We can guarantee that:

- `model_new.size` will be a `N+vec.len`-dim tuple if `model_old` is a `N`-dim tuple

Below is a real use case for `auto_split`.

```
def block_primitive(IPoint x, ISpace y, MSpace z, int dim1, int dim2) {
    return x[dim1] * z.size[dim2] / y.size[dim1];
}

def cyclic_primitive(IPoint x, ISpace y, MSpace z, int dim1, int dim2) {
    return x[dim1] % z.size[dim2];
}

m_2d = Machine(GPU); # nodes * processors
def auto3d(Task task) {
    m_4d = m_2d.auto_split(0, task.ispace); # split the original 0 dim into 0,1,2 dim
    # subspace: task.ispace / m_4d[:-1]
    m_6d = m_4d.auto_split(3, task.ispace / m_4d[:-1]); # split the processor (previosly 1, now 3) dim into 3,4,5 dim w.r.t subspace
    upper = tuple(block_primitive(task.ipoint, task.ispace, m_6d, i, i) for i in (0,1,2));
    lower = tuple(cyclic_primitive(task.ipoint, task.ispace, m_6d, i, i + 3) for i in (0,1,2));
    return m_6d[*upper, *lower];
}
IndexTaskMap task_5 auto3d; # task_5 launch space: (rpoc, rpoc, c)
```

The first transformation is done via `m_2d.auto_split(0, task.ispace)` where `0` stands for the node dimension of the original machine model, and`task.ispace` is a tuple of integers representing the launch domain. The launch domain is 3D, so the original dimension 0 will be split into 3 dimensions, so the resulting machine model is `m_4d`, and its last dimension (dimension 3) corresponds to `m_2d`'s last dimension (dimension 1, representing processors per node).

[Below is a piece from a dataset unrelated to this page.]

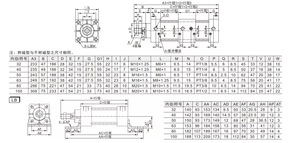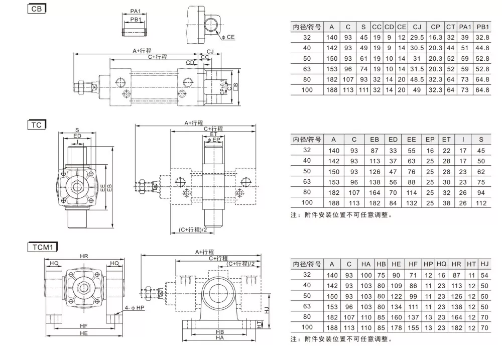 · Різні специфікації циліндрів і аксесуари для монтажу доступні для вибору клієнтів.

Imagine that the launching domains will be mapped onto the nodes, and each node will get a subset of the index points. The tuple which represents each nodes' workload can be computed as another tuple: `task.ispace / m_4d[:-1]` . Here we use `m_4d[:-1]` to get the first dimensions of a machine model as a tuple of integers, and we directly support `/` operator for two tuple of integers.

To express the mapping more easily, we need `m_4d.auto_split(3, task.ispace / m_4d[:-1])` to obtain a 6D machine model. Here we split the last dimension (`3`) of `m_4d`, with respect to the workload tuple.

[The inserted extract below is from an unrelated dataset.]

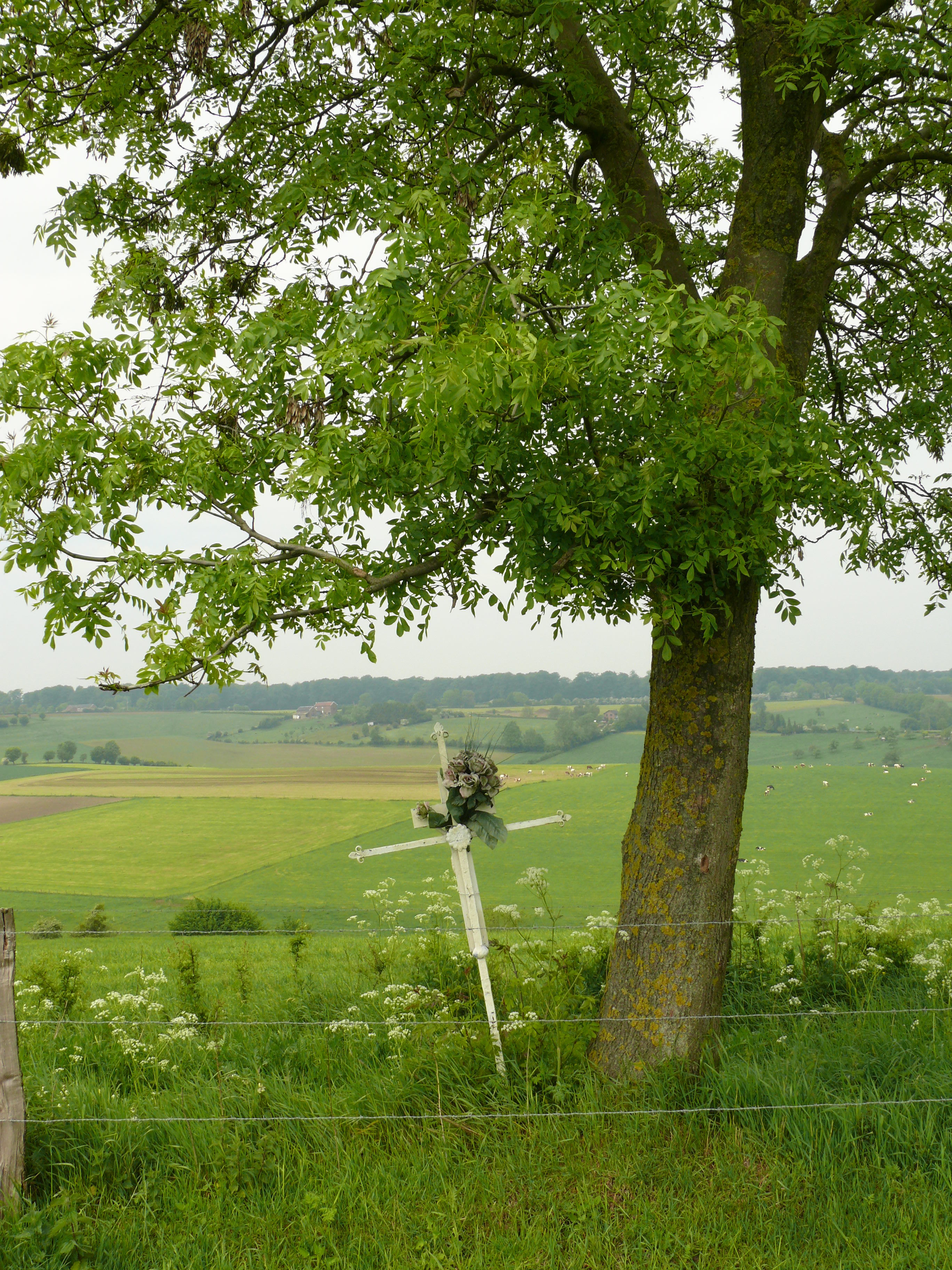 De afbeelding 'Voeren Remersdaal Reesberg es als hoekboom bij wegkruis' gemaakt door Van der Linden, Geert wordt ter beschikking gesteld door Agentschap Onroerend Erfgoed (AOE) onder de volgende voorwaarden: Modellicentie voor gratis hergebruik, Naamsvermelding 4.0 Internationaal.

It's not hard to intuitively understand the resulting 6D machine model -- the first 3 dimensions correspond to node dimension, and the last 3 dimensions correspond to the processor dimension. For each point in the launching domain, we choose nodes in a blockwise way while we choose processors in a cyclic way. The way to specify this is to compute the `upper` 3D tuple and `lower` 3D tuple respectively with`tuple` construction, user-defined functions (`block_primitive` and `cyclic_primitive`).

Finally, we can use `*` operator to turn a tuple of integers into integers (e.g., unwrapping `(1,2,1)` into `1,2,1`) for indexing the machine model to pick a specific processor via `m_6d[*upper, *lower]`.

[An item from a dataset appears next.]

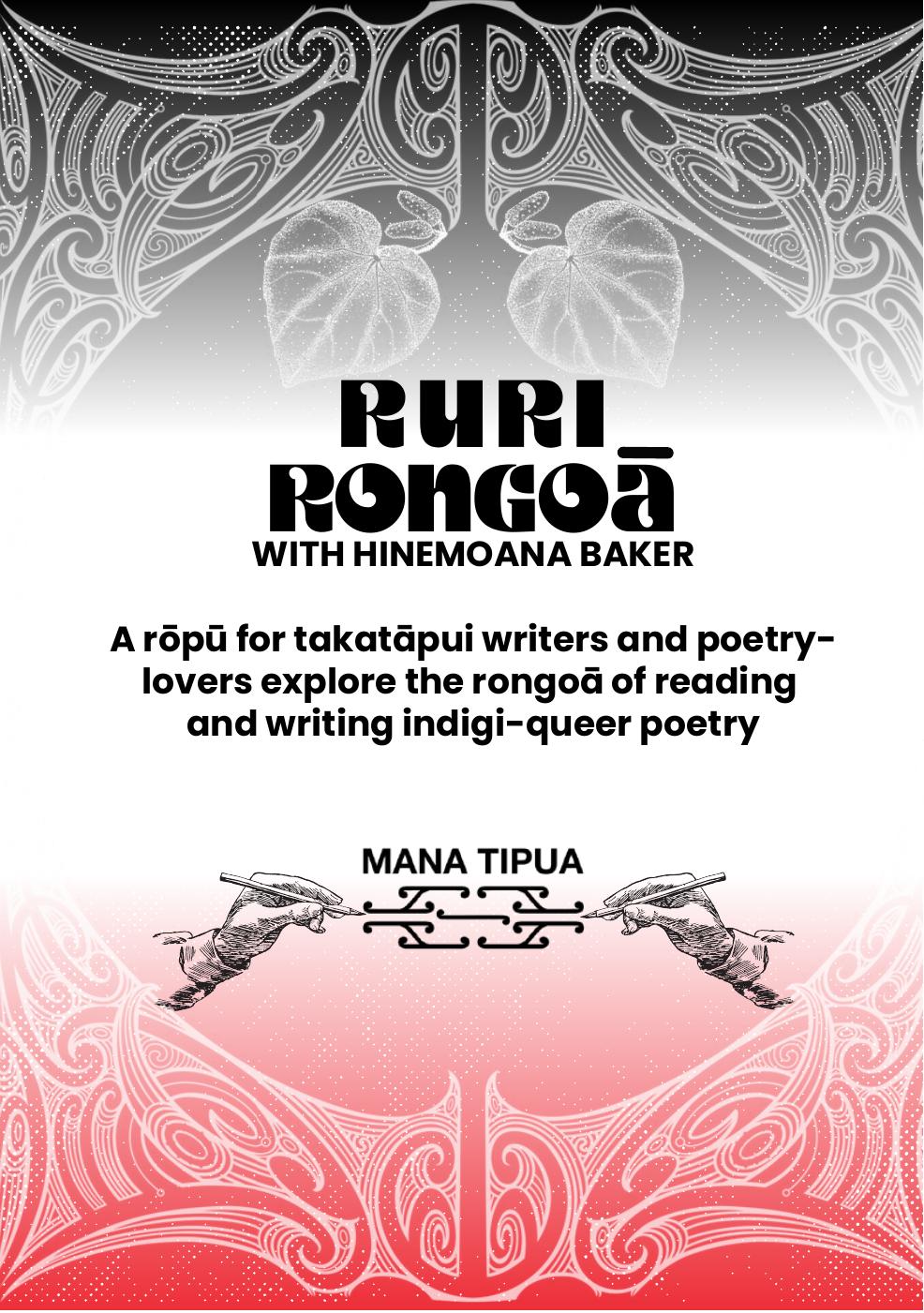 - Ruri Rongoā a regular online (sometimes in-person) hui for takataapui poets and poem appreciators, run by Hinemoana Baker supported by Mana Tipua

### Single Task Launch Placement
```
m_2d = Machine(GPU); # nodes * processors
def same_point(Task task) {
    return m_2d[*task.parent.processor(m_2d)]; # same point as its parent
}
SingleTaskMap task_4 same_point;
```
For tasks that are not index launch, users can also specify where to place tasks.

The above example code specifies that `task_4` will be placed on the same processor as its parent task (originating processsor). `task.parent` is another `Task` object, and `task.parent.processor(m_2d).processor(m_2d)` will return a tuple representing the position with respect to the machine model `m_2d`, e.g., (1, 1) means that `task_4`'s parent is placed on the second node's second GPU. `*` is used here to turn `(1, 1)` into `1, 1` with which we can use to index the `m_2d` again so that we place `task_4` on exactly the same processor as its parent.

```
def same_node(Task task) {
    return m_2d[task.parent.processor(m_2d)[0], *]; # same node as its parent
}
```
Users can also specify `*` to specify a set of points in the machine model, to define a round-robin strategy. The above `same_node` function specifies that the task will be placed on the same node as its parent (`task.parent.processor(m_2d)[0]`), and any processor on that node (`*`) is acceptable. The runtime will make the choice dynamically.